Stockholders elected ten directors: Darcy G. Anderson, Herman E. Bulls, Rhoman J. Hardy, Gaurav Kapoor, Brian E. Lane, Pablo G. Mercado, Franklin Myers, William J. Sandbrook, Constance E. Skidmore, and Cindy L. Wallis-Lage. Each nominee received at least 89.22% of votes cast for election.

How did Comfort Systems USA (FIX) shareholders vote on the auditor ratification in 2026?

Shareholders strongly supported ratifying Deloitte & Touche LLP as independent registered public accounting firm for 2026. The vote was 31,195,684 for, 10,699 against, and 14,912 abstentions, with no broker non-votes recorded on this proposal.

How did Comfort Systems USA (FIX) shareholders vote on executive compensation in 2026?

In the advisory vote on executive compensation, 28,296,391 shares voted for, 1,053,045 voted against, and 83,323 abstained.
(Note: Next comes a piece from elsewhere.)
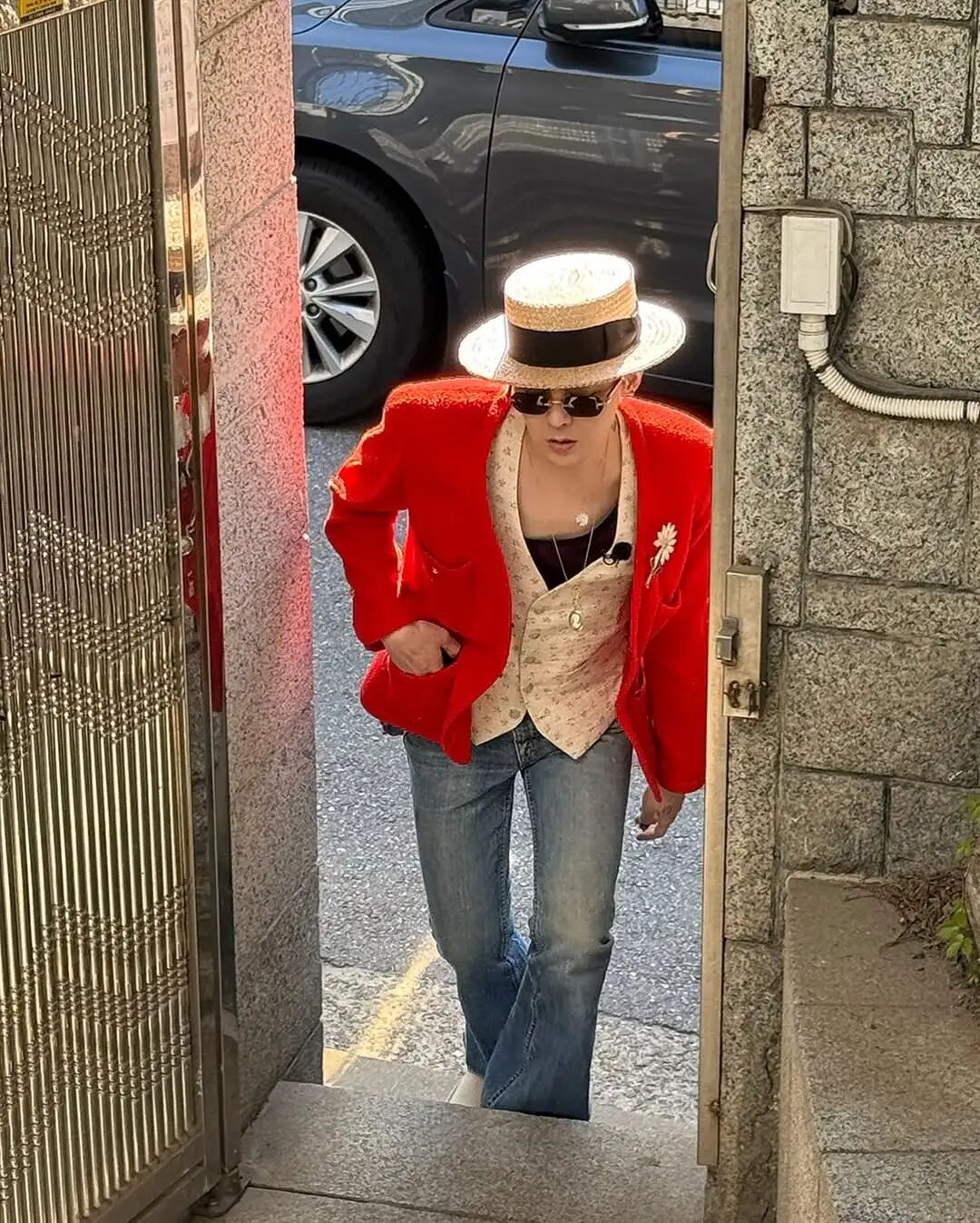 在「Innovate Korea 2025」论坛上,GD凭借出众衣品成焦点。他身着长袍,内搭西装与针织格纹背心。配件上,草帽搭配墨镜,把“睡袍风”穿进正装场合却毫无违和,GD堪称独一份!他超缤纷美甲旁,Boucheron的戒指与耳环超吸睛。

There were also 1,788,538 broker non-votes. This outcome indicates broad shareholder approval of compensation paid to named executive officers.

What are broker non-votes mentioned in Comfort Systems USA (FIX)'s 2026 meeting results?

Broker non-votes are shares held in street name where brokers did not receive voting instructions for non-routine items. For Comfort Systems USA’s 2026 meeting, 1,788,538 broker non-votes were recorded on director elections and the executive compensation advisory vote, but none on auditor ratification.

Who is the independent registered public accounting firm for Comfort Systems USA (FIX) for 2026?

Deloitte & Touche LLP will serve as independent registered public accounting firm for the year ending December 31, 2026. Shareholders ratified this appointment with 31,195,684 votes for, 10,699 against, and 14,912 abstentions at the 2026 Annual Meeting.